* **Data excerpts**:
_ _ _ _ _ _ _

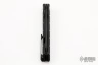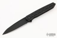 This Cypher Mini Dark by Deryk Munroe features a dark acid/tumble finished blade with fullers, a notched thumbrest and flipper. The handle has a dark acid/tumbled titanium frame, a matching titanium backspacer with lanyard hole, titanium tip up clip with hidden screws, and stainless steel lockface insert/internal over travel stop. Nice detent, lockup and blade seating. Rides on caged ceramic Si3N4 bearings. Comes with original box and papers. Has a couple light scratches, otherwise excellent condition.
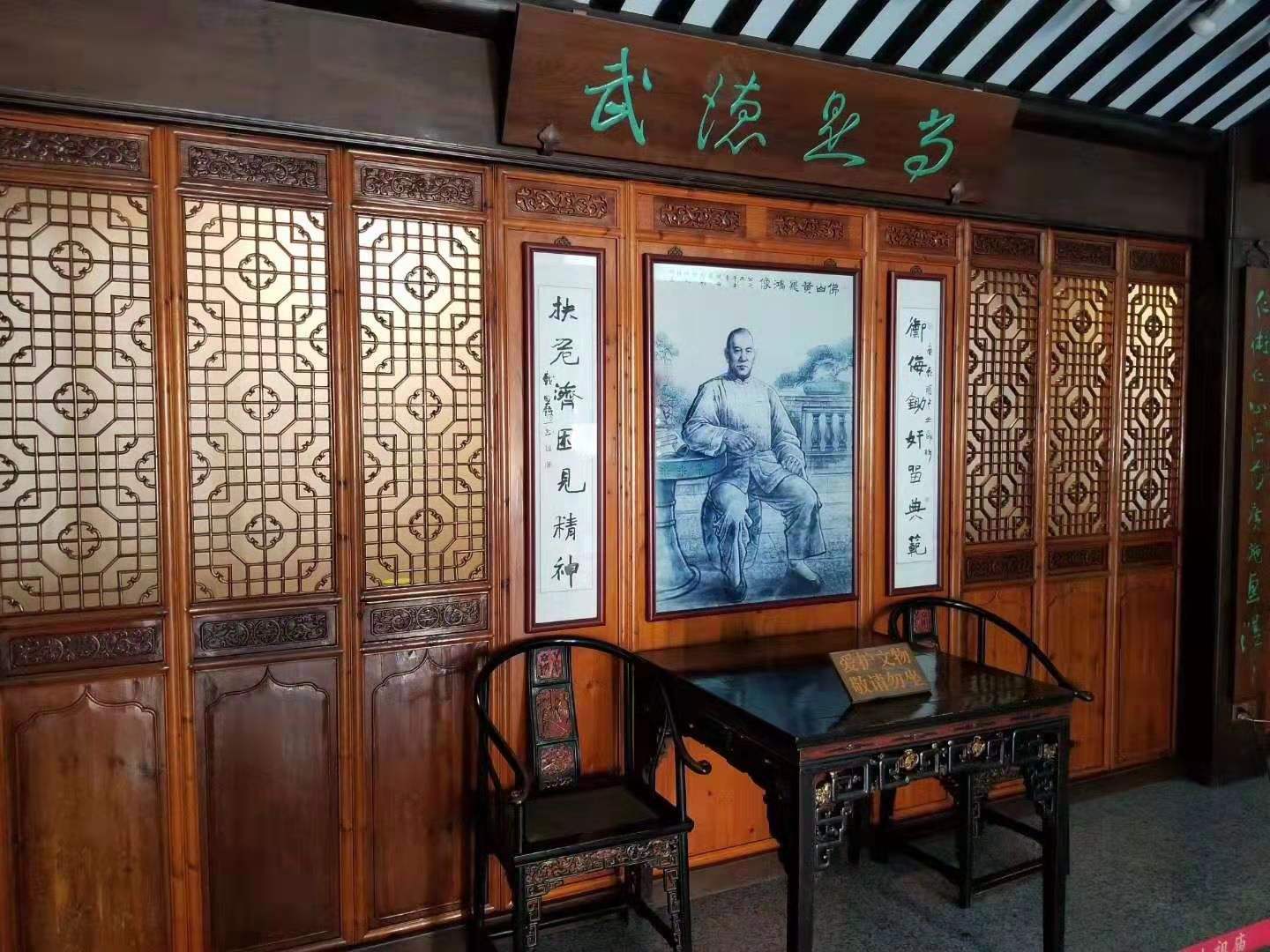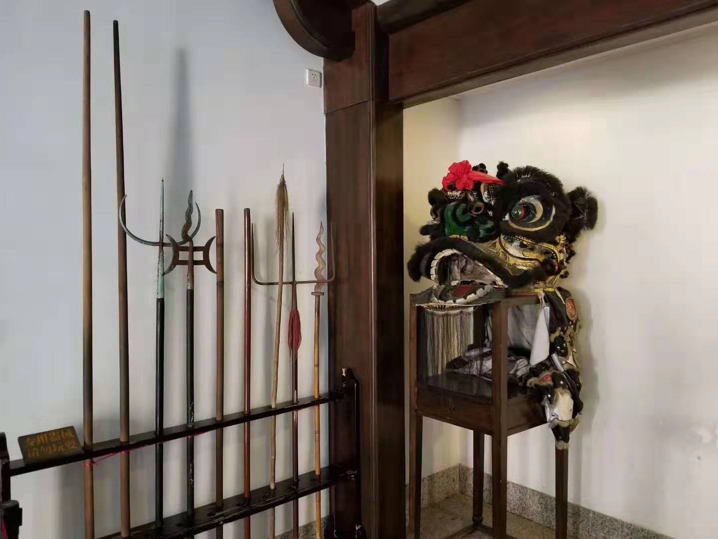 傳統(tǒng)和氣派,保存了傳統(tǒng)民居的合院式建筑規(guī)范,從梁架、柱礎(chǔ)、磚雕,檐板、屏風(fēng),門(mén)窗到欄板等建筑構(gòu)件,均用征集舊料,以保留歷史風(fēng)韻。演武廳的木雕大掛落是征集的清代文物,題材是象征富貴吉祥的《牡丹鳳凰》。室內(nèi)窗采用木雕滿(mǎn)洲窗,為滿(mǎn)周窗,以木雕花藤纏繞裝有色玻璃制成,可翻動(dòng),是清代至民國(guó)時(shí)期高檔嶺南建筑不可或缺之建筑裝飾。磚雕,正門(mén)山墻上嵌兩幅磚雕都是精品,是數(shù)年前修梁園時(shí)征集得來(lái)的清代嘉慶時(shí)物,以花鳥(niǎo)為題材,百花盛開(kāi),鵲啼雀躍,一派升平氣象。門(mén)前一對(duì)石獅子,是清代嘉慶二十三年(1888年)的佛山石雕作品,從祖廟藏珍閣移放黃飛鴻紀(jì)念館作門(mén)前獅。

_ _ _ _ _ _ _

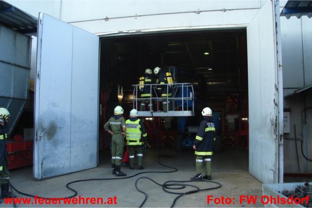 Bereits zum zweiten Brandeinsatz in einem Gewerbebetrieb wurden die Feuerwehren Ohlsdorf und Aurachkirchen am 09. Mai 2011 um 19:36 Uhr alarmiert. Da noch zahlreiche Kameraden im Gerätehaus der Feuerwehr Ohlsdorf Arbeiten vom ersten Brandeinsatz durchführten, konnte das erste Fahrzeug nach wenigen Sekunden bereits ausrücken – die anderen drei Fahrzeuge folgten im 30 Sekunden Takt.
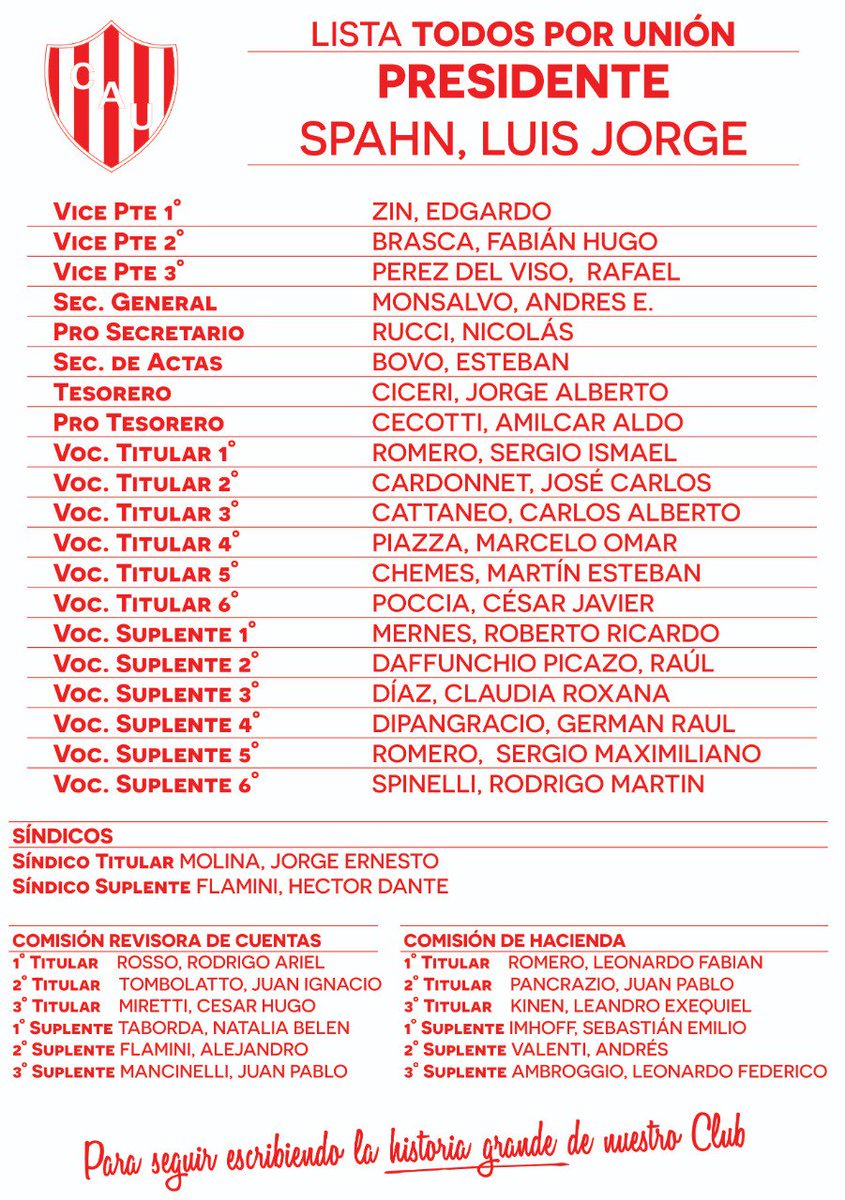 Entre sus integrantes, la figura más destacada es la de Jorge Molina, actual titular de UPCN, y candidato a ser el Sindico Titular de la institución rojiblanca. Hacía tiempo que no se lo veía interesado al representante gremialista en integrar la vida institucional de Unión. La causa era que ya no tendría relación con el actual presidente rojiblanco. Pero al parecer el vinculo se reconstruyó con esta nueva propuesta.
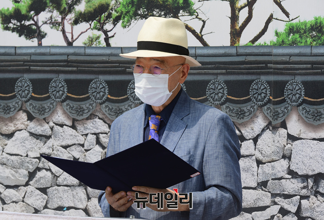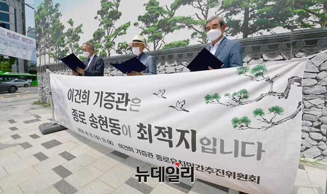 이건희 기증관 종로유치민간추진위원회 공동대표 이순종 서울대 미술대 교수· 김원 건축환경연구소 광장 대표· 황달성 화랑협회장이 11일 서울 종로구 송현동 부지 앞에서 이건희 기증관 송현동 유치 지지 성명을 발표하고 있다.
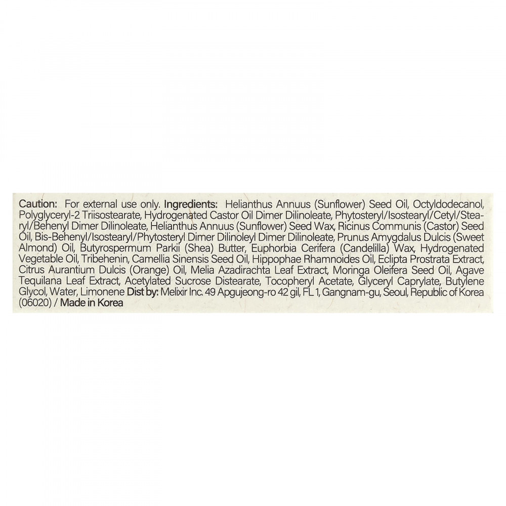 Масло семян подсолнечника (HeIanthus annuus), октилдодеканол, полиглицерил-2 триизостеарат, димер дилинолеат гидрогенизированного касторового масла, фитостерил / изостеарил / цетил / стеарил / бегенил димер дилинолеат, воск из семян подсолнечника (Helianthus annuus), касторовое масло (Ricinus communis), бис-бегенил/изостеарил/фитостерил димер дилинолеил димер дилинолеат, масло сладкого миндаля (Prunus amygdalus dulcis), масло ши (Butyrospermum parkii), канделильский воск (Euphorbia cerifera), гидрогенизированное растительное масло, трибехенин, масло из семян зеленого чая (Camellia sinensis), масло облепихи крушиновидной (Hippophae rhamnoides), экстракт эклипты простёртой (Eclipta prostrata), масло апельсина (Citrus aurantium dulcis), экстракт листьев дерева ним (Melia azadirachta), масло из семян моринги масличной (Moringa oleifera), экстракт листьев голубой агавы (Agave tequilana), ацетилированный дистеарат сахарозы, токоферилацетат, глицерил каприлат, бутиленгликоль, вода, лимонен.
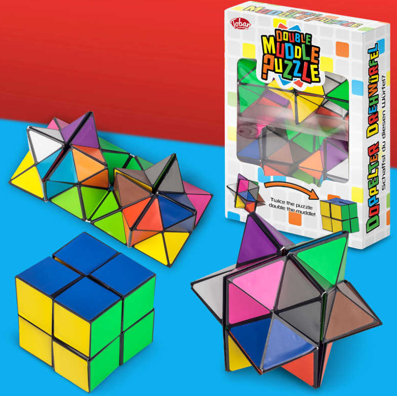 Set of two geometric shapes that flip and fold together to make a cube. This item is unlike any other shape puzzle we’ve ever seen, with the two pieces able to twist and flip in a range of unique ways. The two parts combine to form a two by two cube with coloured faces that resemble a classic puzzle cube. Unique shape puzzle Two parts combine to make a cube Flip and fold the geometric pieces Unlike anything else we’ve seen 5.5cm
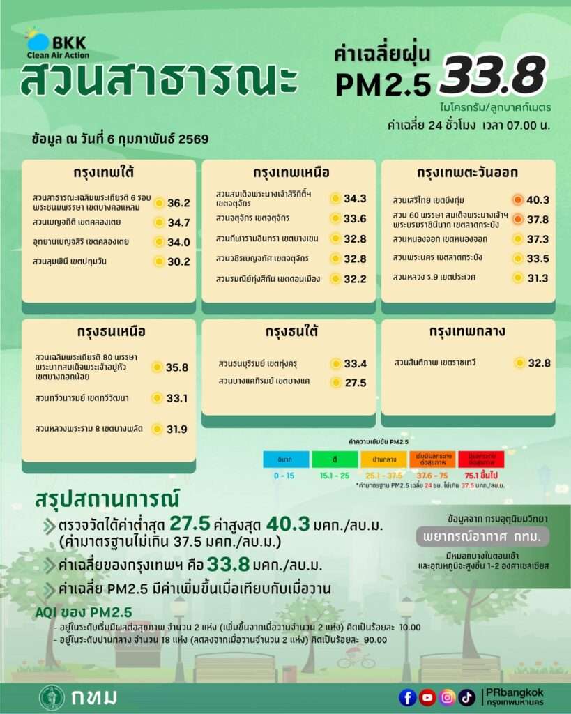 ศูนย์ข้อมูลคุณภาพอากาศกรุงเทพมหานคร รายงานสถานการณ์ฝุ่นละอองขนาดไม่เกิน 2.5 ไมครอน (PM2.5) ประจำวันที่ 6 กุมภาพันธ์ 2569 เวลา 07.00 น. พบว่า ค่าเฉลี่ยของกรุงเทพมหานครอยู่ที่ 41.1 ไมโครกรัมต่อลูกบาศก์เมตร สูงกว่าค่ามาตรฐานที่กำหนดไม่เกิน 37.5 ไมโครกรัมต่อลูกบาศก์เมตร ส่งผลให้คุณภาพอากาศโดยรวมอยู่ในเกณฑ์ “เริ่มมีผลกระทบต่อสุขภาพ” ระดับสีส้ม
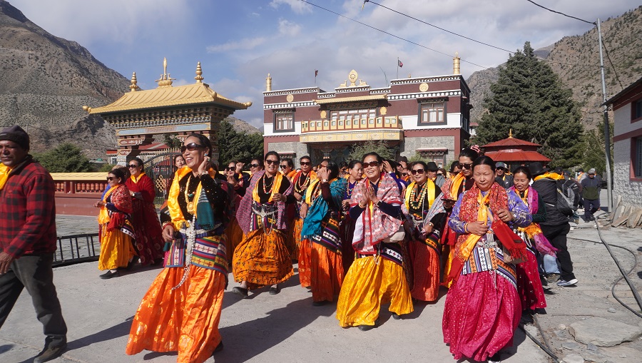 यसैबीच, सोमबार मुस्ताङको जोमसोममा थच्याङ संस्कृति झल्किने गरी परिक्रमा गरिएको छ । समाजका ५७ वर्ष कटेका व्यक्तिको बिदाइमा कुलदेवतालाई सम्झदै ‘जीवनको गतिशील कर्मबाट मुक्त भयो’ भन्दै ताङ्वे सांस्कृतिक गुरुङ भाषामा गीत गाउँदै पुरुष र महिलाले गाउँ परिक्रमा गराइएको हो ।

_ _ _ _ _ _ _

Copy back exactly the lines above from the one containing "이건희 기증관 종로유치민간추진위원회" through the one containing "Масло семян подсолнечника", and leave every picture behind.

 이건희 기증관 종로유치민간추진위원회 공동대표 이순종 서울대 미술대 교수· 김원 건축환경연구소 광장 대표· 황달성 화랑협회장이 11일 서울 종로구 송현동 부지 앞에서 이건희 기증관 송현동 유치 지지 성명을 발표하고 있다.
 Масло семян подсолнечника (HeIanthus annuus), октилдодеканол, полиглицерил-2 триизостеарат, димер дилинолеат гидрогенизированного касторового масла, фитостерил / изостеарил / цетил / стеарил / бегенил димер дилинолеат, воск из семян подсолнечника (Helianthus annuus), касторовое масло (Ricinus communis), бис-бегенил/изостеарил/фитостерил димер дилинолеил димер дилинолеат, масло сладкого миндаля (Prunus amygdalus dulcis), масло ши (Butyrospermum parkii), канделильский воск (Euphorbia cerifera), гидрогенизированное растительное масло, трибехенин, масло из семян зеленого чая (Camellia sinensis), масло облепихи крушиновидной (Hippophae rhamnoides), экстракт эклипты простёртой (Eclipta prostrata), масло апельсина (Citrus aurantium dulcis), экстракт листьев дерева ним (Melia azadirachta), масло из семян моринги масличной (Moringa oleifera), экстракт листьев голубой агавы (Agave tequilana), ацетилированный дистеарат сахарозы, токоферилацетат, глицерил каприлат, бутиленгликоль, вода, лимонен.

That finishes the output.